Only an exact copy is wanted: the lines from the one holding "Para Xiaomi Mi" through the last line below, minus the pictures.
+++ RECORDED DATA
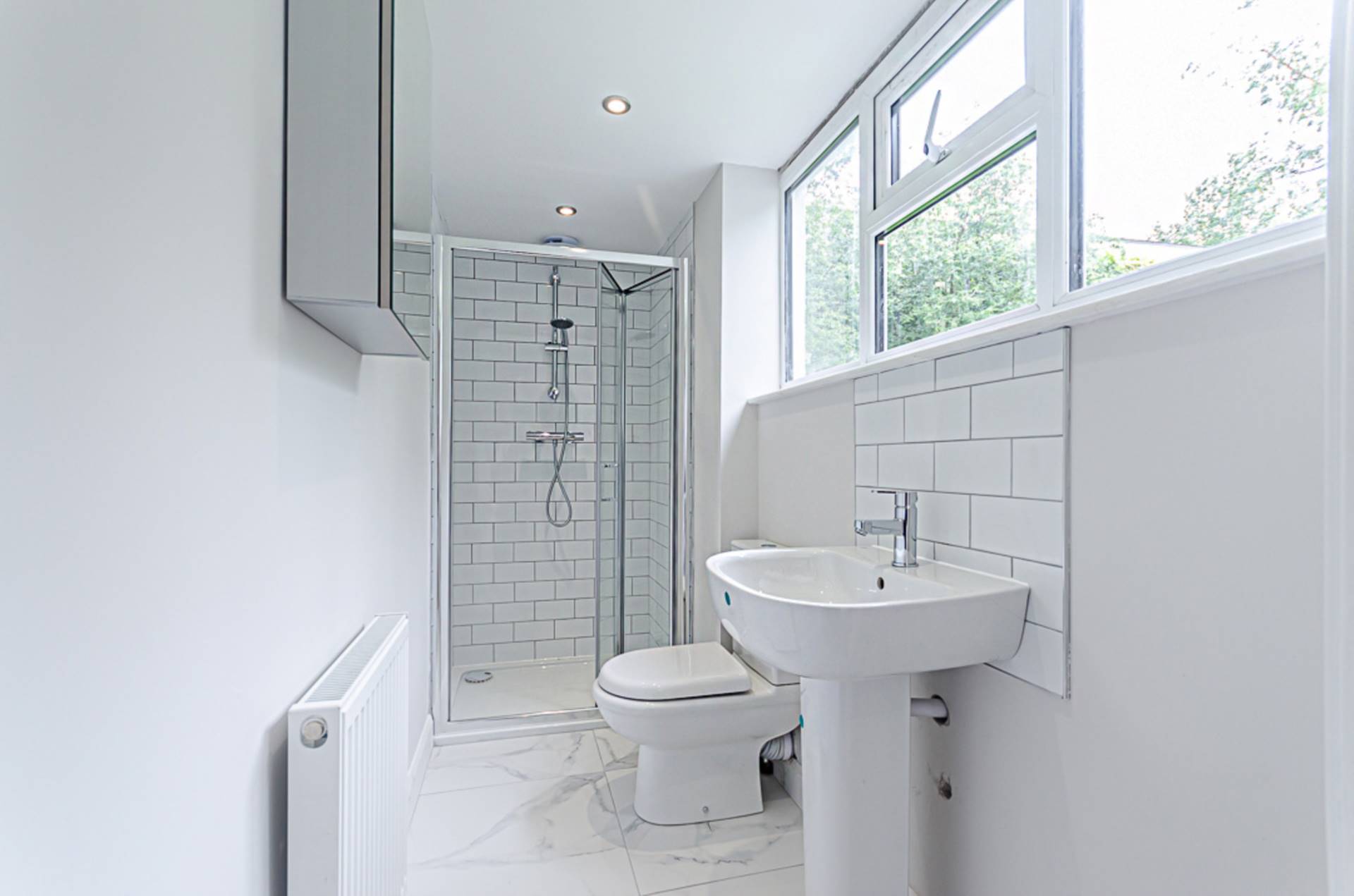 Newly fitted shower room - tiled shower enclosure with thermostatic shower, wash hand basin, W.C, part tiled walls, marble effect ceramic tiled floor, recessed spotlights and extractor fan
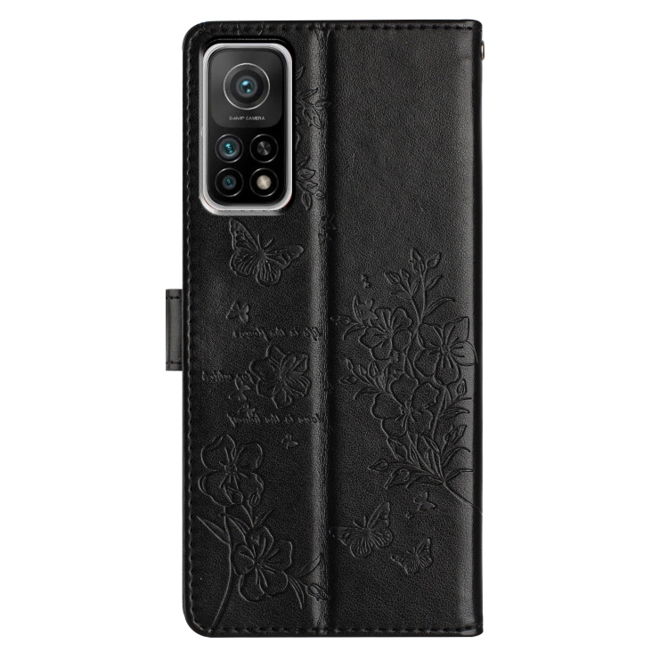 Para Xiaomi Mi 10T Pro 5G Funda de Cuero para Teléfono con Mariposas y Flores (Negro)
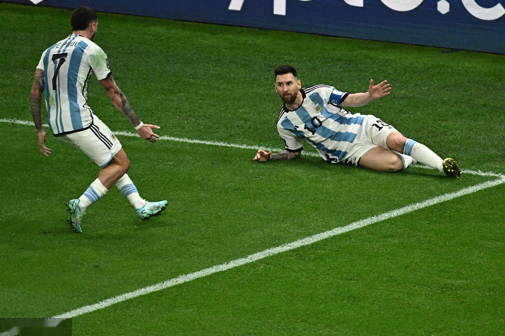 北京时间12月18日晚23点,2022年卡塔尔世界杯决赛,阿根廷对阵法国。上半场比赛迪马利亚制造点球,梅西点球破门,随后迪马利亚进球扩大领先优势。下半场比赛穆阿尼制造点球,姆巴佩将点球罚进之后迅速再入一球将比分扳平,两队在90分钟常规比赛时间里2-2战平。加时赛中梅西和姆巴佩各入一球,3-3,比赛拖进了点球大战。点球大战中姆巴佩和梅西双双射进点球,科曼的点球被扑出,琼阿梅尼射失点球,阿根廷最终总比分7-5战胜法国夺冠,队史第3次夺得世界杯冠军。法国卫冕失败,成为本届世界杯亚军。
++++++
# REPLY:
 Para Xiaomi Mi 10T Pro 5G Funda de Cuero para Teléfono con Mariposas y Flores (Negro)
 北京时间12月18日晚23点,2022年卡塔尔世界杯决赛,阿根廷对阵法国。上半场比赛迪马利亚制造点球,梅西点球破门,随后迪马利亚进球扩大领先优势。下半场比赛穆阿尼制造点球,姆巴佩将点球罚进之后迅速再入一球将比分扳平,两队在90分钟常规比赛时间里2-2战平。加时赛中梅西和姆巴佩各入一球,3-3,比赛拖进了点球大战。点球大战中姆巴佩和梅西双双射进点球,科曼的点球被扑出,琼阿梅尼射失点球,阿根廷最终总比分7-5战胜法国夺冠,队史第3次夺得世界杯冠军。法国卫冕失败,成为本届世界杯亚军。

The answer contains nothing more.